- **WHAT YOU WILL DO**: Line by line, repeat the material below exactly and skip the images.

- **GIVEN INFORMATION**:

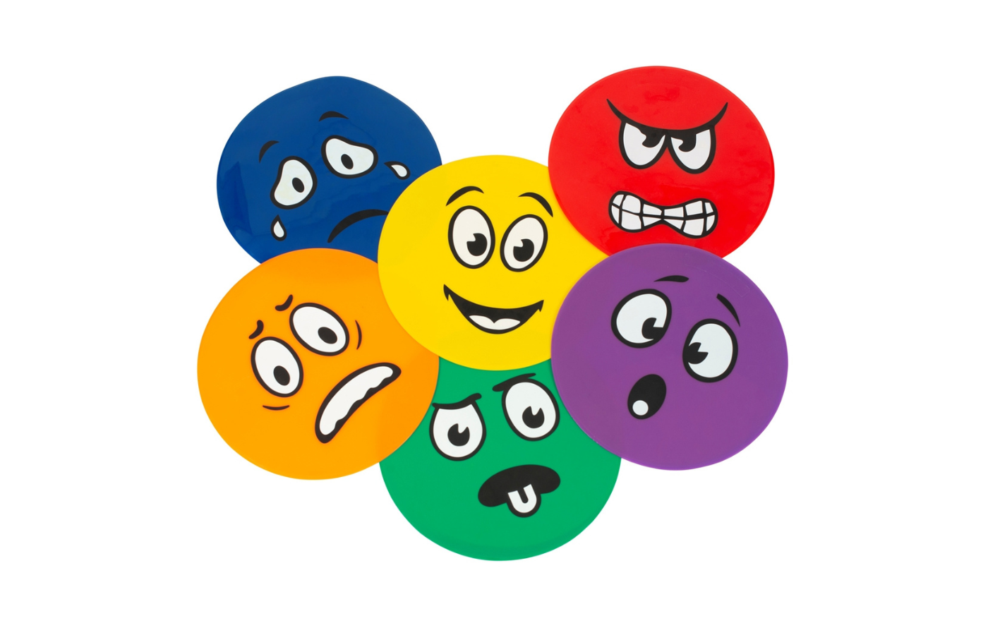 Cet ensemble coloré et attrayant contient six marqueurs de sol, chacun représentant une émotion. Ils favorisent la gestion et l'expression des différentes émotions et enseignent les bons comportements. Fabriqués en PVC résistant, souple, lavable et antidérapant, ces marqueurs de sol ronds sont parfaits pour les salles de classe, les séances de thérapie ou les activités sportives.
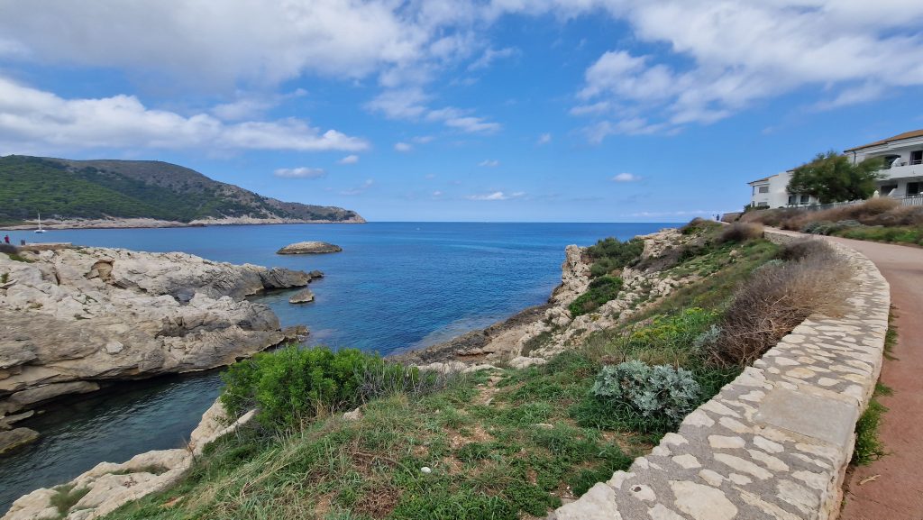 Das heißt aber nicht, dass man in Cala Rajada nicht einen netten Nachmittag verbringen kann. Denn vom Hafen aus führt eine ruhige, chillige Promenade am Ufer entlang mit herrlichen Ausblicken auf das Mittelmehr. „Passeig ses Ámfores“ heißt der autofreie Weg, kleine Highlights sind ein alter Bunker im Meer und eine riesige Metallskulptur. Von Bettenburgen und Partytourismus bekommt man hier überhaupt nichts mit. Der Weg endet an der kleinen Bucht Cala Gat, wo man auch eine Strandbar findet.
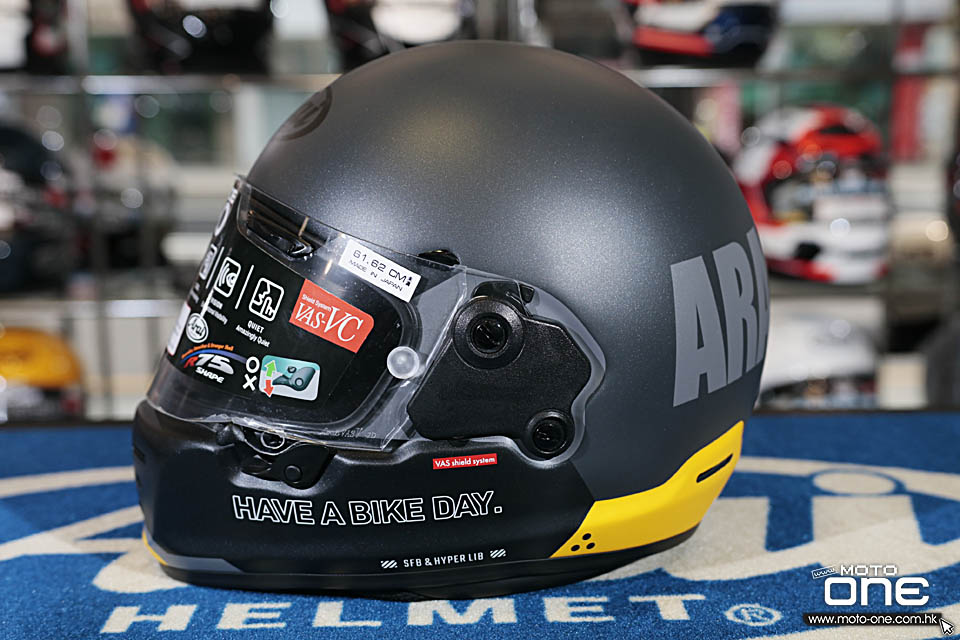 ARAI RAPIDE-NEO「HABD - HAVE A BIKE DAY」的拉花走簡約復古路線,整體沒有花巧圖案,而是以大面積純色配搭粗體字樣,營造出強烈的 old school 味道。頭盔兩側及後方印有醒目的「ARAI HELMET」大型字樣,帽嘴位置則加入「HAVE A BIKE DAY.」字句,視覺上帶點美式復古玩味,同時又不失街頭個性。

- **RESPONSE BOX**:
 Cet ensemble coloré et attrayant contient six marqueurs de sol, chacun représentant une émotion. Ils favorisent la gestion et l'expression des différentes émotions et enseignent les bons comportements. Fabriqués en PVC résistant, souple, lavable et antidérapant, ces marqueurs de sol ronds sont parfaits pour les salles de classe, les séances de thérapie ou les activités sportives.
 Das heißt aber nicht, dass man in Cala Rajada nicht einen netten Nachmittag verbringen kann. Denn vom Hafen aus führt eine ruhige, chillige Promenade am Ufer entlang mit herrlichen Ausblicken auf das Mittelmehr. „Passeig ses Ámfores“ heißt der autofreie Weg, kleine Highlights sind ein alter Bunker im Meer und eine riesige Metallskulptur. Von Bettenburgen und Partytourismus bekommt man hier überhaupt nichts mit. Der Weg endet an der kleinen Bucht Cala Gat, wo man auch eine Strandbar findet.
 ARAI RAPIDE-NEO「HABD - HAVE A BIKE DAY」的拉花走簡約復古路線,整體沒有花巧圖案,而是以大面積純色配搭粗體字樣,營造出強烈的 old school 味道。頭盔兩側及後方印有醒目的「ARAI HELMET」大型字樣,帽嘴位置則加入「HAVE A BIKE DAY.」字句,視覺上帶點美式復古玩味,同時又不失街頭個性。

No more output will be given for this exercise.